In Denmark, they have suts. In Estonia, lutts.

In Romania, suzetas. In Portugal, chupetes.

There is a pacy for every occasion. for every frame of mind. The plastic drugstore pacy of the fourteen-karat kind.

There are pacys for the happy times and pacys for the blue. There are even DYI pacys to decorate and glue.

There are pacys for the holidays–for ring a dinging through the snow and pacys for the protest marches–yelling “We won’t go!”

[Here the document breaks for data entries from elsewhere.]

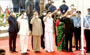 நாட்டின் 73வது குடியரசு தினத்தை முன்னிட்டு தமிழக அரசு சார்பில் குடியரசு தின விழா சென்னை மெரினா கடற்கரை காமராஜர் சாலையில் கொரோனா பாதுகாப்புகளுடன் நடைபெற்றது. சென்னை கடற்கரை சாலையில் முவர்ண கொடியை ஆளுநர் ஆர்.என்.ரவி. ஏற்றி வைத்தார் ஆளுநராக பொறுப்பேற்ற பிறகு முதன்முறையாக தமிழ்நாட்டில் தேசியக் கொடியை ஆளுநர் ஆர்.என்.ரவி. ஏற்றி வைத்தார். இந்த நிகழ்ச்சியில் முதல்வர் ஸ்டாலின் உள்பட அமைச்சர்கள், அதிகாரிகள் என ஏராளமானோர் கலந்துகொண்டனர்.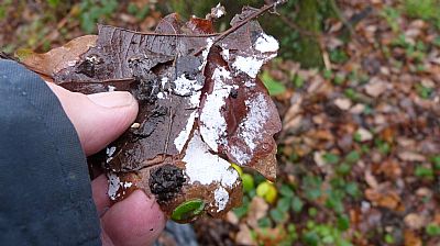 Wiki tells us that it is a species of non-parasitic plasmodial slime mould, and a member of the class Myxomycetes. It is commonly known as the tapioca slime mold because of its peculiar pure white tapioca pudding-like appearance. A common species with a worldwide distribution, particularly in North America and Europe. It is often found on bark after heavy rain or excessive watering. Their spores are produced on or in aerial sponangia and are spread by wind and some beetle species.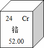| C. | 該元素在地殼中的含量為52.00% | D. | 該元素屬于非金屬元素 |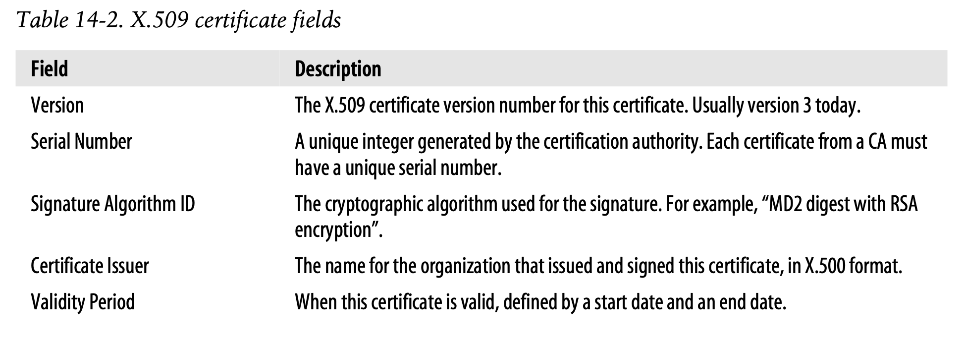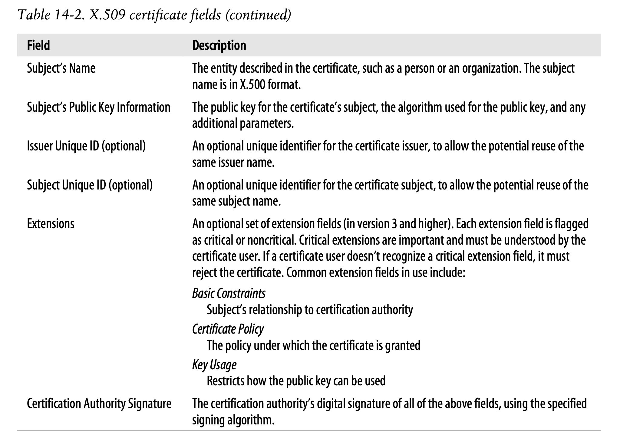 X.509 인증서의 필드는 Table 14-2에 나타난 것과 같습니다.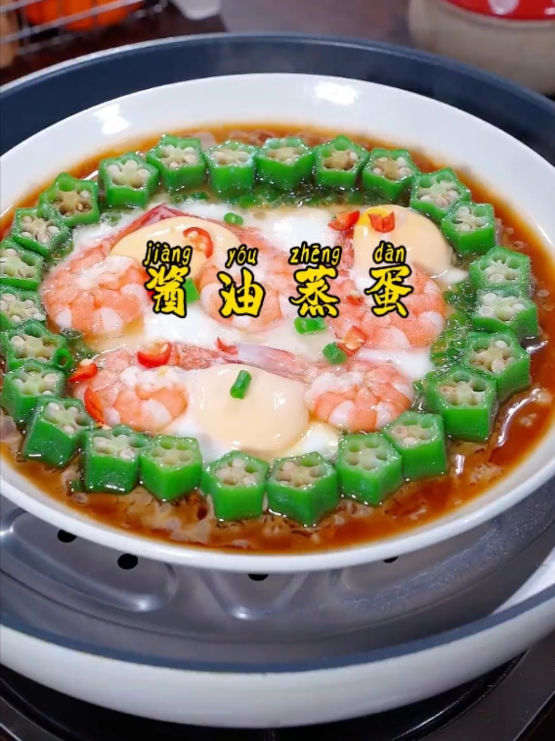 需要食材:鸡蛋,秋葵和虾仁,还有葱花。

Though I’d travel far and wide for them, by jet or by balloon, my extra squishy oldies are the ones that make me swoon. Best of all, my binkie, my little friend, my Boo, is always in my mouth, reminding me of you. No matter where my parents are of what hurdles I face, my soothie is my partner in crime, in each and every case.

One dark, gray day my parents brought me to my room. “It’s time to part with pacy. You’ve had a good, long run.” This news was as you’ll imagine was anything but fun. I thumped my chest and pulled my hair–my angry ape rendition. That day I skipped or meal or two–revolt against nutrition!

To part with my collection, i ranked them A to Z. The furry ones, the spiky ones, the ones most dear to me. I watched mom slam dunk them, one by one with glee. I wondered without pacys, could I still be me? Goodbye my boo boo pacy for when I scraped my knee. Goodbye my pearly pacy for afternoon high tea.

Mom suggests a new collection–dollies or stuffed bears. But my heart is filled with pacys; nothing else compares.

At night without my friends, I tossed and turned and cried. But by morning, what a miracle, my tears had even dried.

I searched my house for my new collection.

The stress balls on my daddy’s desk are good for squeezing tight.

The warm glow of my nightlights can make the dark alright.

The makeup brushes in mom’s purse I sweep across my cheeks. I picture mom in the mirror and me, the little girl who peeks.

(Drawing of girl watching her mom put on makeup in mirror)

I’m growing up my parents say, and this sounds good to me. But from time to time, please let me smile and think of my binky.

The End (If you are someone who typically reads this blog, I promise no more rhyming picture books on these pages. It was a blip).